# New guy from Mississippi



## Davebcrzy (Mar 12, 2011)

Welcome to a fellow Mississppian. I am on the other end of the state in NW Mississippi, just south of Memphis. Good luck in your new addiction, beekeeping.

Dave


----------



## FANNBEE (Jun 19, 2007)

The MS Beekeepers Association has a web site at mshoneybee.org with some good information.
They are looking for members.


----------



## Broke-T (Jul 9, 2008)

Welcome to beesource. Hope you like your bees.

Johnny


----------



## djdup (Jul 5, 2012)

Thanks Dave

FANNBE, Thanks for the info. I will check it out.
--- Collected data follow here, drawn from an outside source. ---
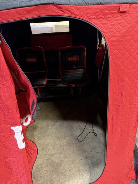 Eskimo sierra thermal 2 man shack built in chairs comes with cover got a bigger one don’t need this one great shack like new 300.00 obo 406-560-3992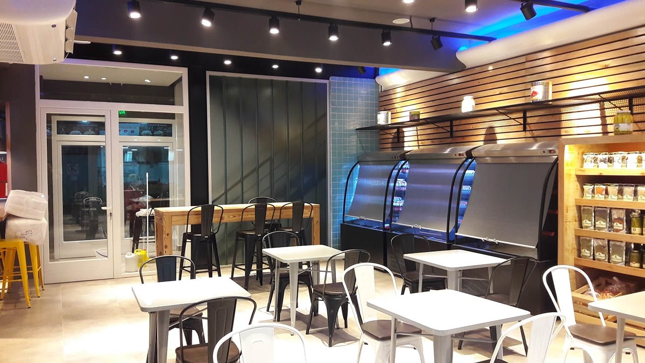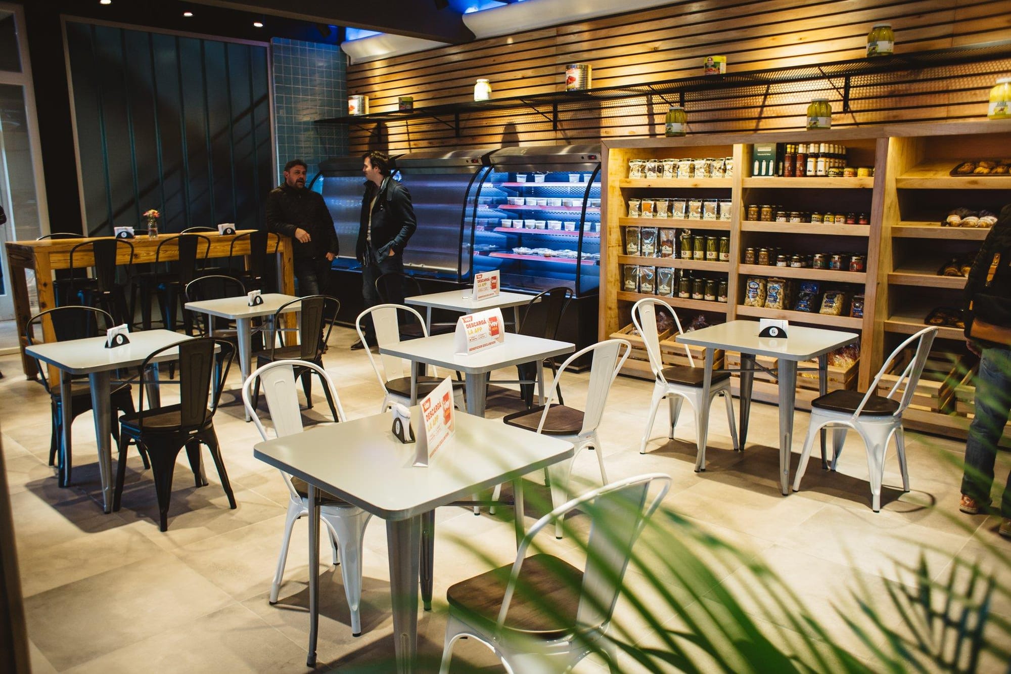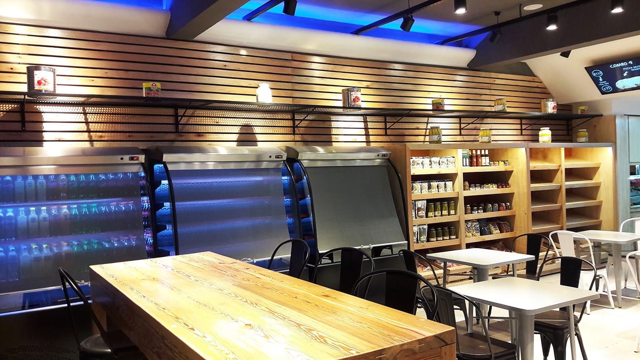 Формат магазина “Re Tiendas” основан на модели “удобный #магазин у дома”. Ассортимент полностью ориентирован на региональные продукты с целью стимулирования местного рынка. Кроме того, компания помогает своим операторам в запуске и управлении магазином, обучении персонала. Дизайн интерьера создает удобную и современную среду для встреч, где можно отдохнуть, расслабиться, перекусить в любое время суток. Теплая атмосфера создается с помощью мягкого освещения по всему пространству, использования деревянных материалов в мебели, а также элементах отделки декора.
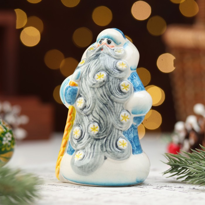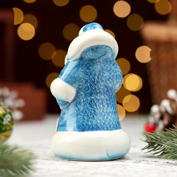 Фигурка фарфор «Дед Мороз Снеговей голубая шуба», 10 см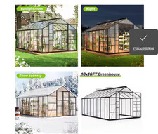 10×18 FT Polycarbonate Greenhouse, Quick Setup, Roof Vent, Walk-in Aluminum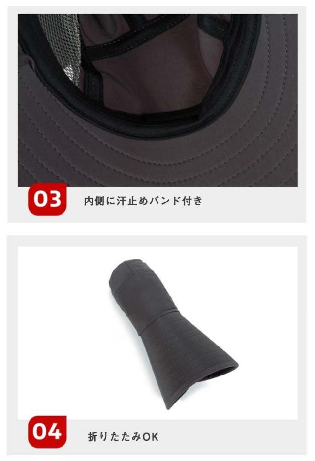 | 首筋までしっかりガードできる多機能日よけ帽子! 大きなつばと日除け垂れが日差し・紫外線をしっかりガード! 吸湿速乾生地&メッシュで通気性抜群、頭部の蒸れを防ぎ心地よい着用感。 アジャスター付きのあご紐。頭部アジャスター付。 軽量設計で、持ち運びにも大変便利です。 男女兼用で使用できるシンプルなデザイン♪ 日除け・紫外線対策に大活躍!! | |

Thanks Broke-T I do like my bees they are very interesting and entertaining. I am already planing on getting more in the spring.


----------



## AmericasBeekeeper (Jan 24, 2010)

Welcome DJ!


----------



## New Ky Beekeeper (Jun 27, 2011)

Welcome Friend. There is always something to learn about bees.....


----------



## chip.gotro (Apr 29, 2012)

welcome. your in the right place,great people,unlimited info.


----------



## Specialkayme (Sep 4, 2005)

Welcome to the site!


----------



## FANNBEE (Jun 19, 2007)

I forgot to ask, but are you related to Marcel Ledbetter?


----------



## scdw43 (Aug 14, 2008)

Welcome


----------



## djdup (Jul 5, 2012)

FANNBEE said:


> I forgot to ask, but are you related to Marcel Ledbetter?


Haha....A Jerry Clower joke because I live in Liberty..No relation there FANNBEE. lol


----------



## tecrench (Jan 24, 2011)

Welcome!!


----------



## paintingpreacher (Jul 29, 2006)

Welcome! I too am at the other end of the state NE Miss. Located between Oxford and Tupelo. Hope you enjoy the bees as much as I do.


----------